Phillips & Crew Co. v. Drake

13 Ga. App. 764 | Ga. Ct. App. | 1913

Russell, J.

Whitfield and others executed a promissory note to ■John Drake in 1908. On March 17, 1911, Phillips & Crew Company sold to Whitfield a piano, under a conditional-sale contract, in which title was reserved in the seller. In 1912 Drake sued on Whitfield’s note given in 1908, obtaining a judgment in December, 1912. The execution which issued upon this judgment was not filed for record or recorded upon the general execution docket of the •county. On February 21, 1913, it was levied upon a piano in Whitfield’s possession, admitted to be the same piano which had been sold to him by Phillips & Crew Company. At the time of the levy there was due upon the conditional-sale contract an unpaid balance of something more than one' hundred dollars. The contract had never been recorded. Phillips & Crew Company filed a ■claim to the piano, and before the trial of the claim ease, but after the levy of Drake’s fi. fa., they filed their conditional-sale contract for record in the clerk’s office of the superior court. Upon the trial in the superior court the judge directed a verdict in favor of the plaintiff in fi. fa. Exception is taken to that judgment. The •only question presented by the record is whether the lien of the judgment in favor of Drake is superior to Phillips & Crew Company’s reservation of title.

This case is controlled adversely to the plaintiff in error by the ■decision of the Supreme Court in Southern Iron & Equipment Co. v. Voyles, 138 Ga. 258 (75 S. E. 248, 41 L. R. A. (N. S.) 375, Ann. Cas. (1913D) 369). In that case it was held that the lien of ■an attachment, obtained after the execution of a conditional bill of ■sale which had been illegally recorded, had priority over the conditional sale, notwithstanding the attachment was founded on a ■debt antecedent to the conditional bill of sale. The statute (Civil 'Code, § 3262) provides that an unrecorded or a defectively recorded *765mortgage is postponed to younger liens. It is pointed out in the decision just cited that the same rules govern the priority of conditional bills of sale, as affected by registration, as govern the registration of mortgages. In the present case the undisputed evidence shows that Drake obtained a judgment which was junior in date to the conditional sale upon which the claim of title of the plaintiff in error was founded. The mere fact that this judgment was founded upon a debt antecedent to the conditional sale did not prevent the judgment lien from having priority over the conditional sale. The facts of the case clearly distinguish it from the cases of Conder v. Holleman, 71 Ga. 93, and American Law Book Co. v. Brunswick Crosstie Co., 12 Ga. App. 259 (77 S. E. 104). In both of these cases the lien under which priority was claimed antedated the contract of conditional sale.

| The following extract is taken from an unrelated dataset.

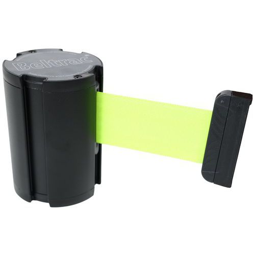 Enrollador mural con cinta para cerrar o impedir el acceso a una zona. Desmontaje suave gracias a las cintas autofrenadas. Solidez y fiabilidad de la fijación de la correa. Ideal para su uso en exteriores.

A judgment creditor whose lien is obtained before the conditional sale is made is not one of the third persons referred to in section 3318 of the Civil Code. If, however, his lien is acquired after the conditional sale is made, he does come within the terms of that section of the code. While the debt upon which the judgment is founded was not created upon the faith of the debtor’s apparent unconditional ownership of the property, still the lien was obtained at a time when the possession of the debtor furnished presumptive evidence of ownership, and it is for this reason that the judgment lien takes priority. The fact that the execution which issued upon the judgment was not recorded upon the general execution docket of the county in which the judgment was rendered would make no difference. As against third parties acting in good faith and without notice, who may have acquired a transfer or lien binding the defendant’s property, a money judgment against him would not be a lien upon his property from the rendition thereof, unless the execution issuing thereon be entered upon the docket within ten days from the time of its rendition; and if not entered within ten days the lien dates from the time of such entry of the execution. Civil Code, § 3321. This section, however, has no application in the present case. The plaintiff in error is not in the position of one who acquires title on the faith of the defendant’s apparent unincumbered ownership without notice of the judgment lien. Having sold the property to the defendant and delivered it over into his possession without recording its contract of conditional sale, it took *766the risk of creditors of the defendant acquiring a lien against the property. The owner of personal property sold on conditional sale can not withhold the contract from record, and then enforce the reservation of title against one who subsequently obtains a lien at a time when the defendant is apparently clothed with the absolute title to the property.

There was no error in directing a verdict finding the property subject. ' Judgment affirmed.